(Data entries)

────────────────────────────────────────

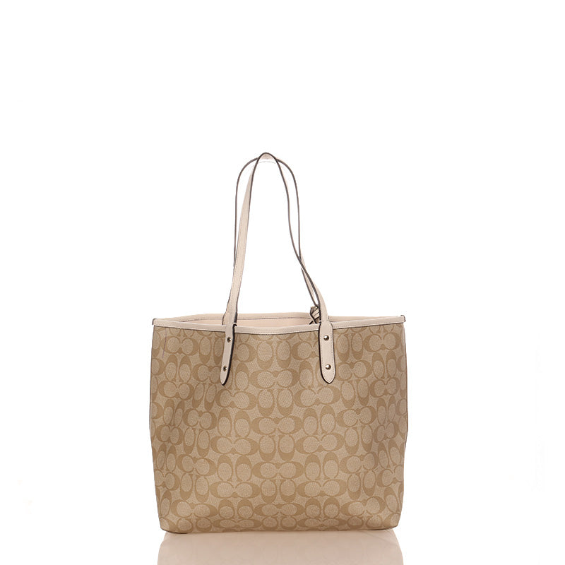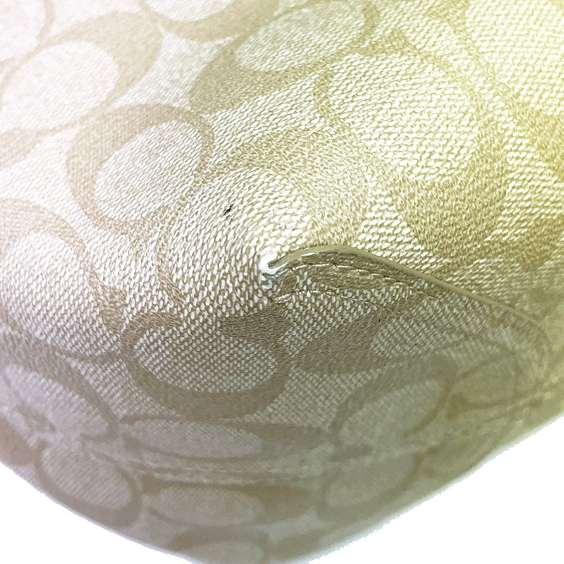 コーチ シグネチャー ベージュ ホワイト PVC レザー ショルダーバッグ トートバッグ レディース COACH 【中古】
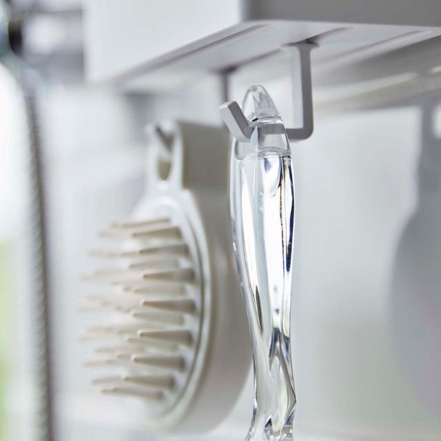 歯ブラシスタンド底にセットできるフックが2個付いてくるので、ボディブラシやスポンジなど掛けて収納したいアイテムもひとまとめにできます。
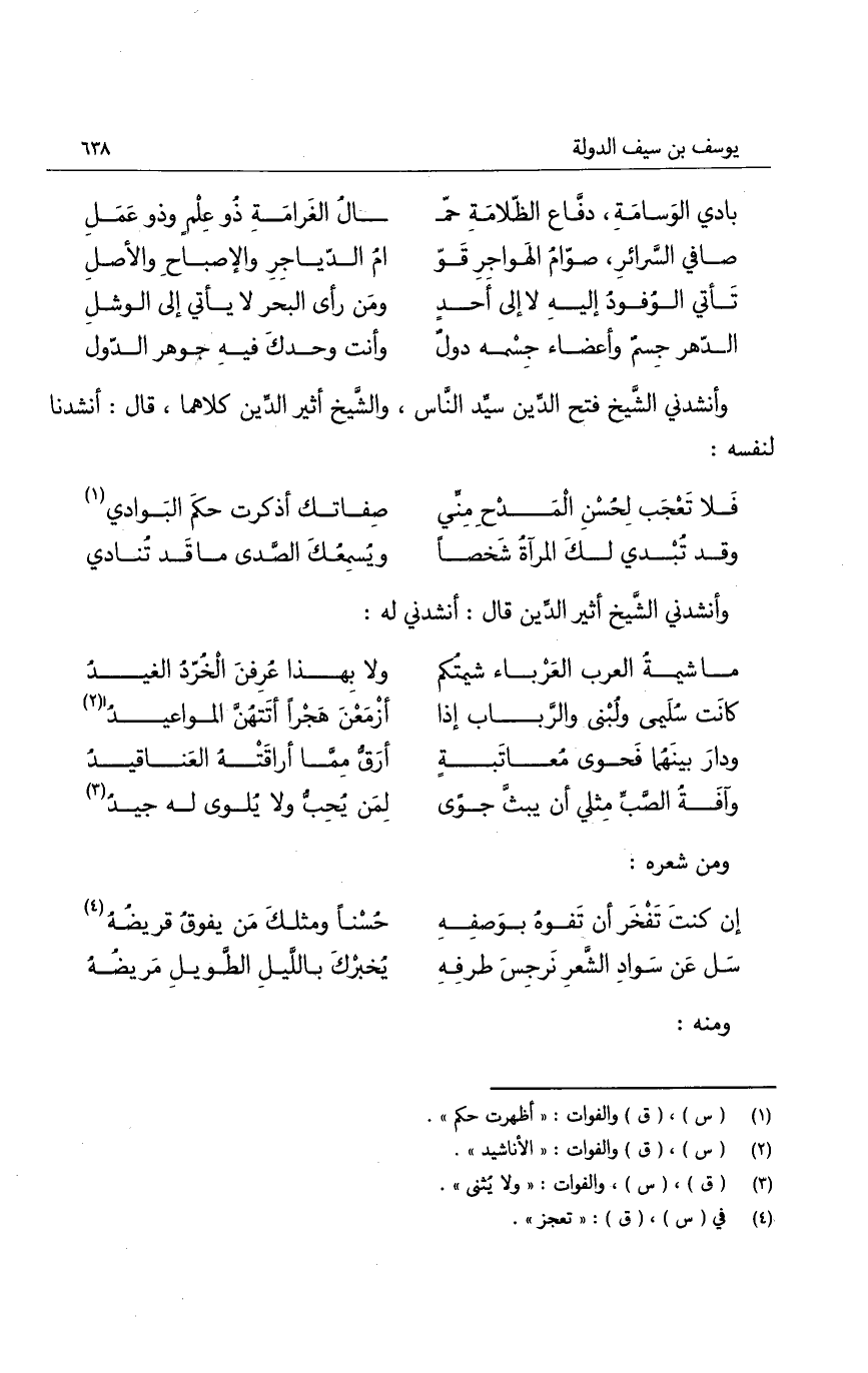 وأنشدني الشيخ فتح الدين سيد الناس، والشيخ أثير الدين كلاهما، قال: أنشدنا لنفسه:
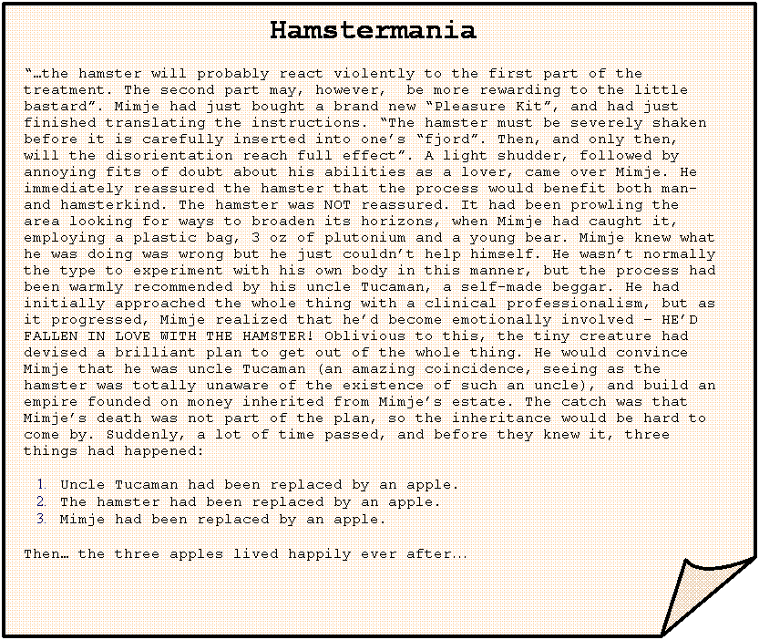 Hamstermania “…the hamster will probably react violently to the first part of the treatment. The second part may, however, be more rewarding to the little bastard”. Mimje had just bought a brand new “Pleasure Kit”, and had just finished translating the instructions. “The hamster must be severely shaken before it is carefully inserted into one’s “fjord”. Then, and only then, will the disorientation reach full effect”. A light shudder, followed by annoying fits of doubt about his abilities as a lover, came over Mimje. He immediately reassured the hamster that the process would benefit both man- and hamsterkind. The hamster was NOT reassured. It had been prowling the area looking for ways to broaden its horizons, when Mimje had caught it, employing a plastic bag, 3 oz of plutonium and a young bear. Mimje knew what he was doing was wrong but he just couldn’t help himself. He wasn’t normally the type to experiment with his own body in this manner, but the process had been warmly recommended by his uncle Tucaman, a self-made beggar. He had initially approached the whole thing with a clinical professionalism, but as it progressed, Mimje realized that he’d become emotionally involved – HE’D FALLEN IN LOVE WITH THE HAMSTER! Oblivious to this, the tiny creature had devised a brilliant plan to get out of the whole thing. He would convince Mimje that he was uncle Tucaman (an amazing coincidence, seeing as the hamster was totally unaware of the existence of such an uncle), and build an empire founded on money inherited from Mimje’s estate. The catch was that Mimje’s death was not part of the plan, so the inheritance would be hard to come by. Suddenly, a lot of time passed, and before they knew it, three things had happened:
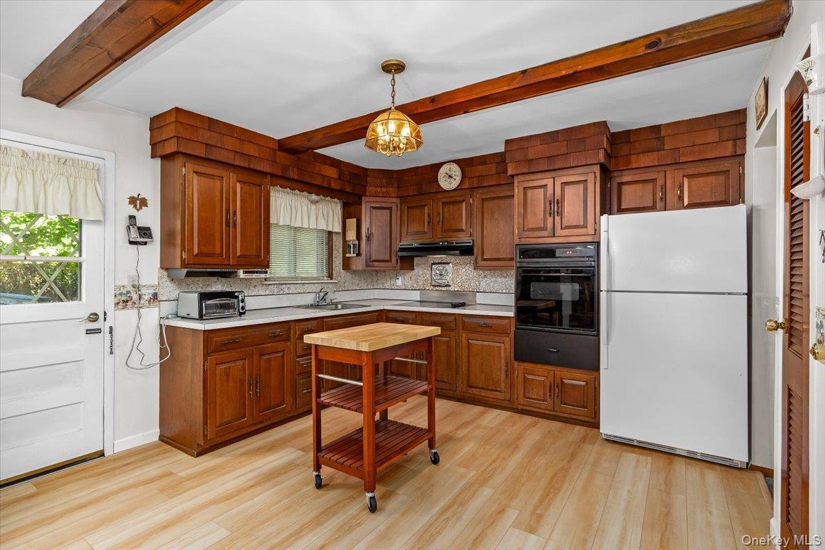 - Kitchen with wood cabinets, pantry, and door to deck and backyard
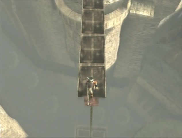 Just walk over the edge and Ico will climb down onto the chain.
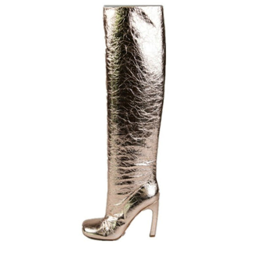 Processing Time:7-15 days after placing orders Women's Fashion Sexy Color Butterfly Decoration Square Head High Boots Autumn and Winter New Slope Heel Party Show Skirt Shoes
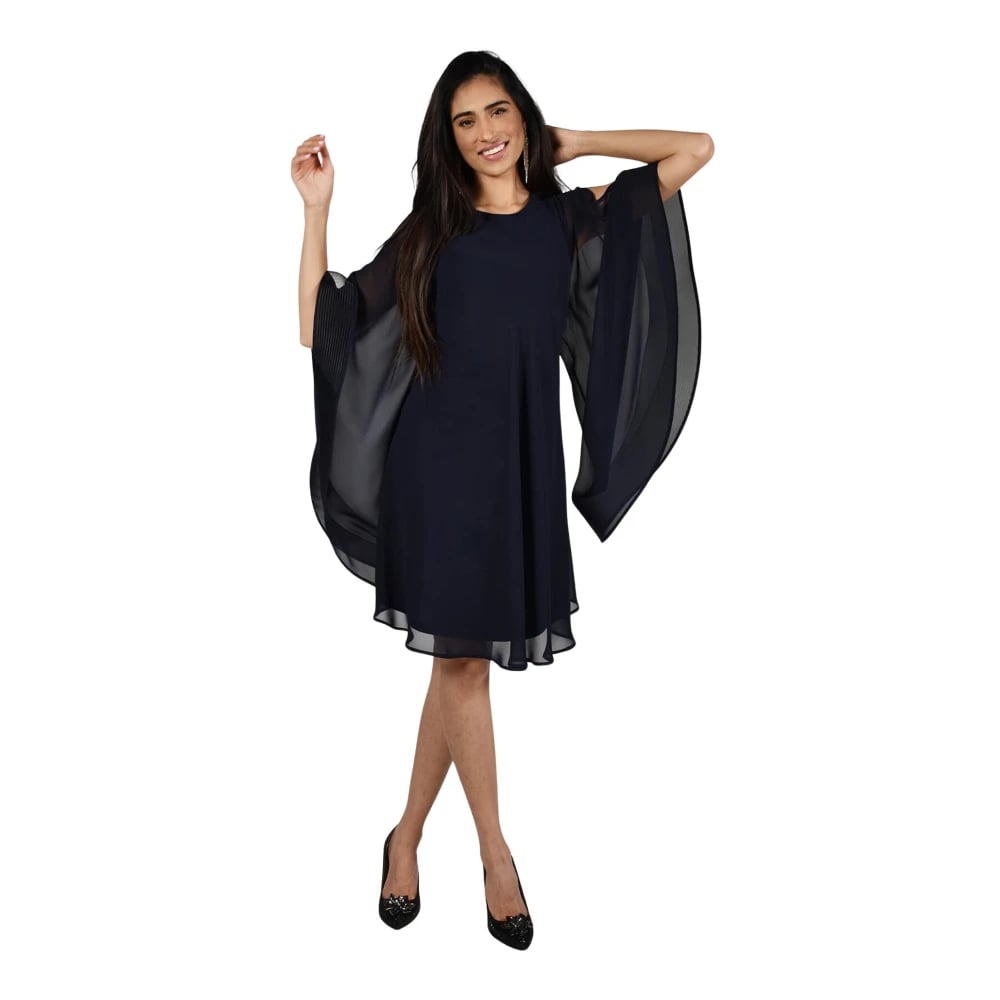Frank Lyman, Klänningar , Dam, S, Polyester, Marinblå Klänning med Volang Ärmar
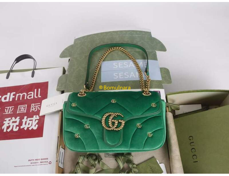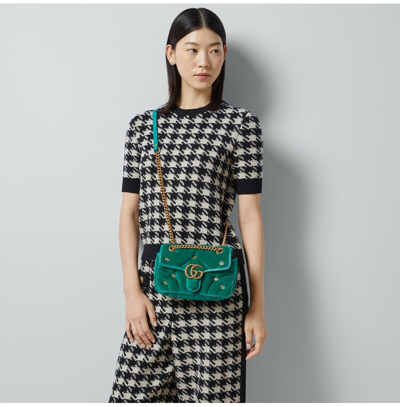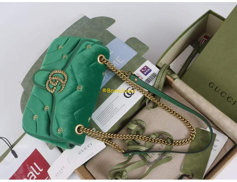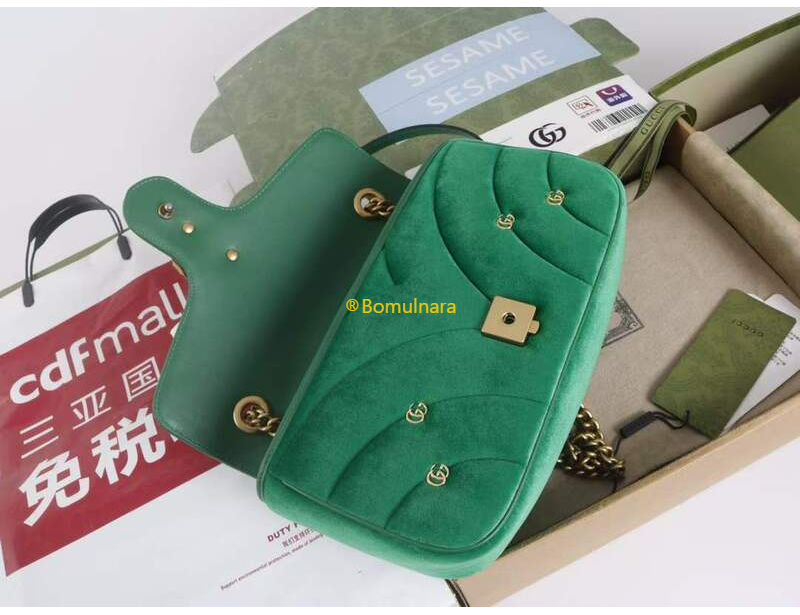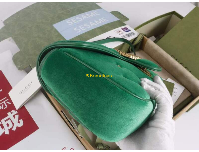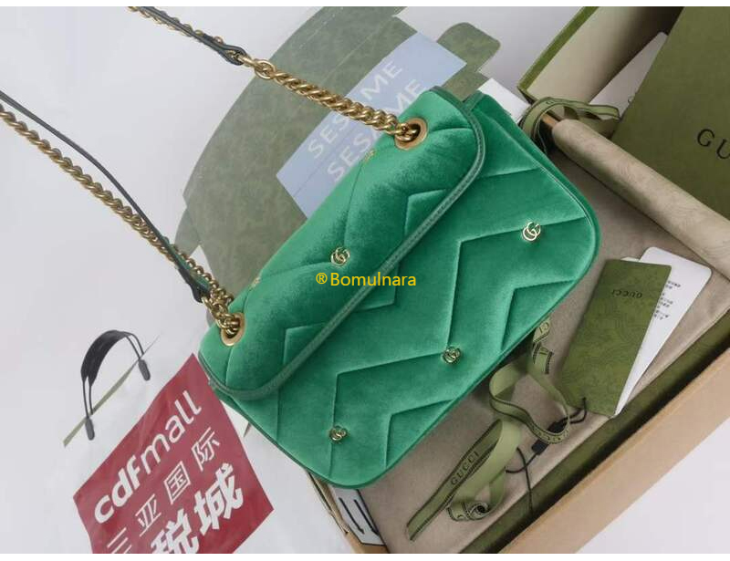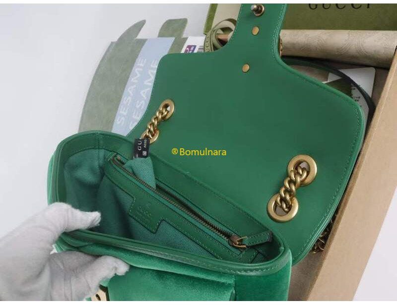[스페셜오더]GUCCI-446744 FACK2 2545 구찌 그린 퀼트 쉐브론 벨벳 GG 마몽 미니 숄더백 22cm
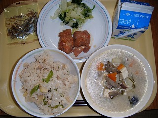 平成28年5月19日(木)今日の給食 投稿日時 : 2016/05/19 寄・厨 今日の給食は「牛乳、たけのこごはん、みそけんちん汁、鶏肉の照り焼き、いりこ」でした。 Tweet {{options.likeCount}} {{options.likeCount}} 0 コメント
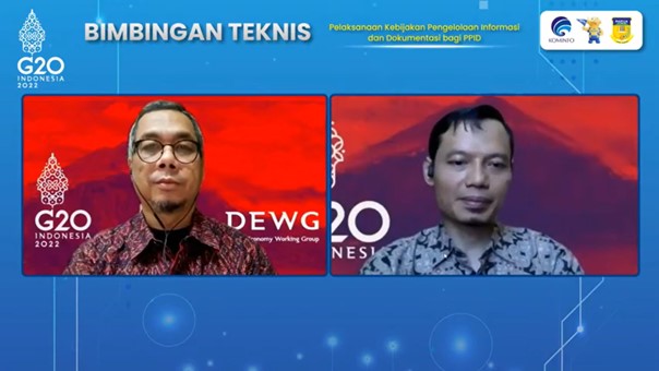 Kegiatan Bimtek dilanjutkan dengan sesi diskusi dengan tiga orang narasumber. Narasumber sesi pagi hadir secara daring, Direktur Tata Kelola dan Kemitraan Komunikasi Publik (Direktur TKKKP), Hasyim Gautama, dan Komisioner Komisi Informasi Pusat (KIP), Handoko Agung Saputro yang hadir secara luring.
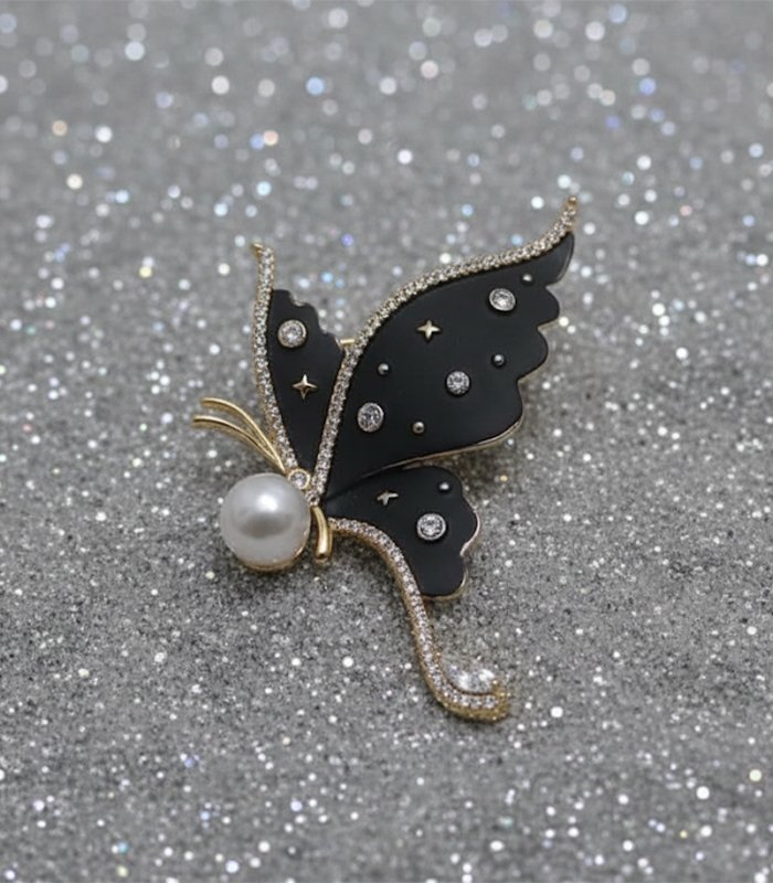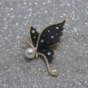 Celestial Black Enamel Butterfly Brooch with Pearl
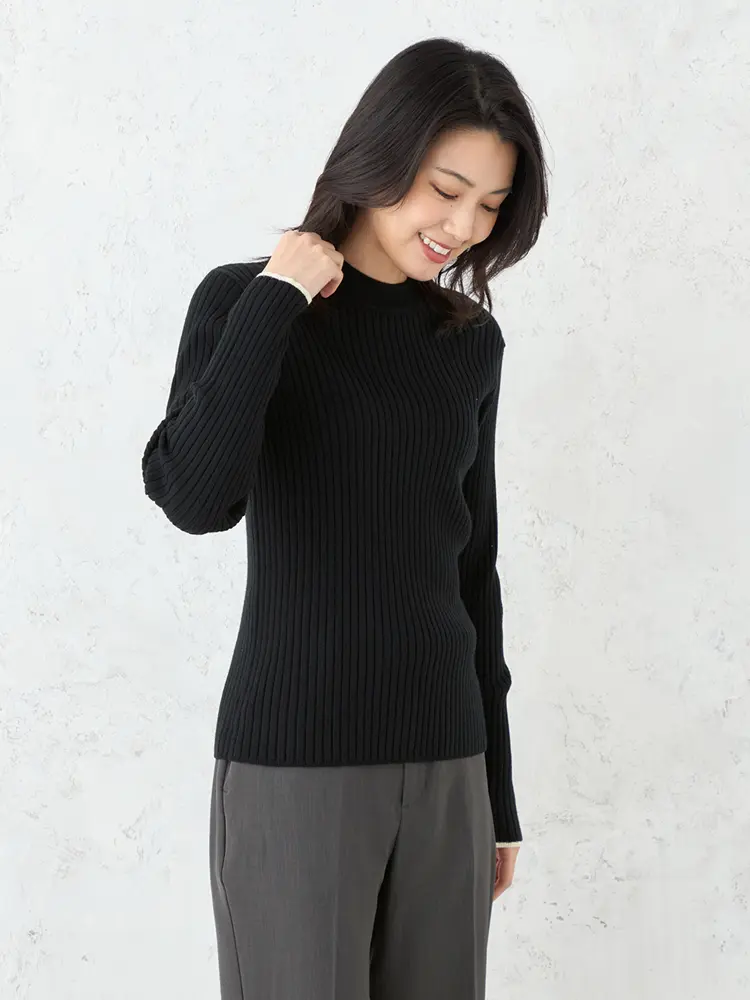 【INDIVI】ワイドリブタートルネックニットウォッシャブルデオドラント無地秋冬【レディース】
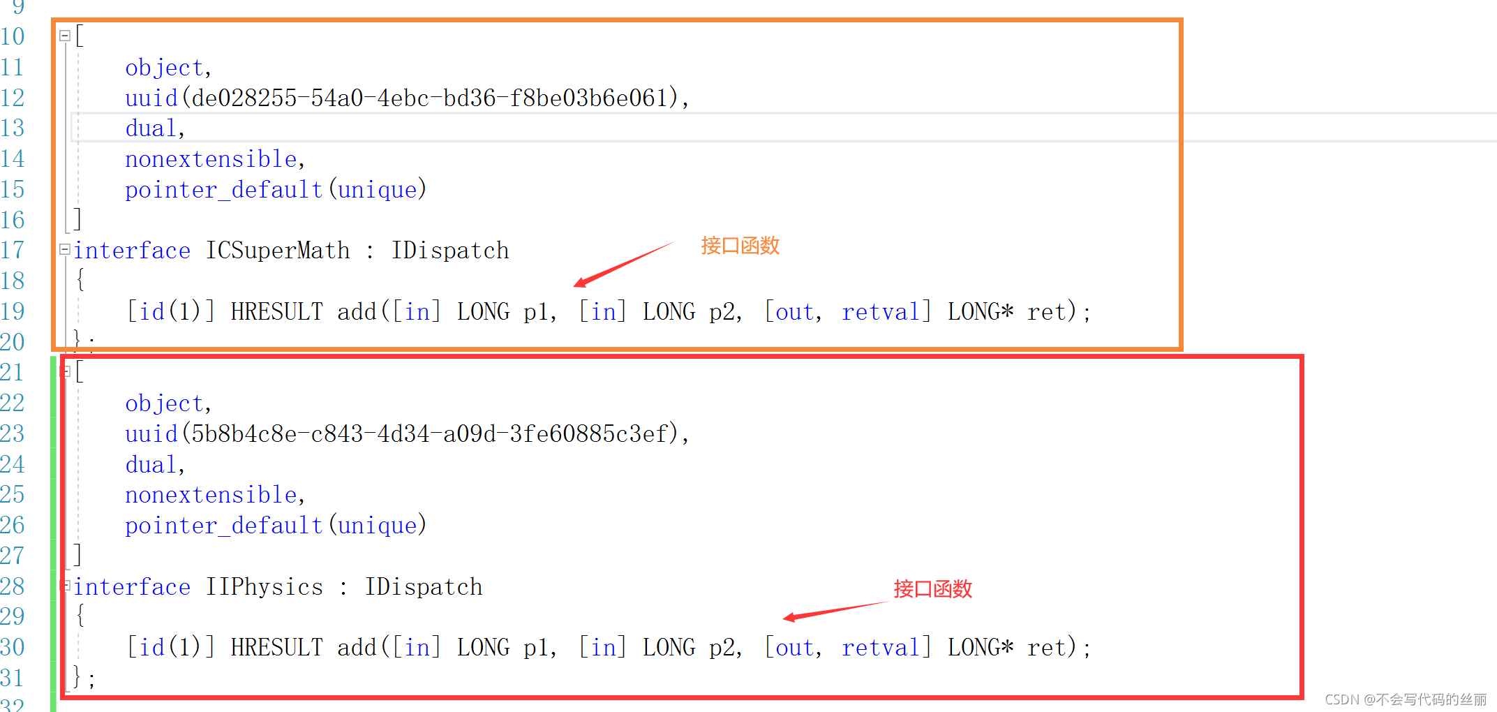 com使用idl文件去定义dll函数或者接口,之后用midl编译器生产对应的头文件,开发者再利用其去实现接口。

────────────────────────────────────────

> **Goal of the exercise**:
Pictures do not belong in the copy. Repeat only the lines from the top of the records through the line containing "وأنشدني الشيخ فتح".

> **Answer section**:
 コーチ シグネチャー ベージュ ホワイト PVC レザー ショルダーバッグ トートバッグ レディース COACH 【中古】
 歯ブラシスタンド底にセットできるフックが2個付いてくるので、ボディブラシやスポンジなど掛けて収納したいアイテムもひとまとめにできます。
 وأنشدني الشيخ فتح الدين سيد الناس، والشيخ أثير الدين كلاهما، قال: أنشدنا لنفسه:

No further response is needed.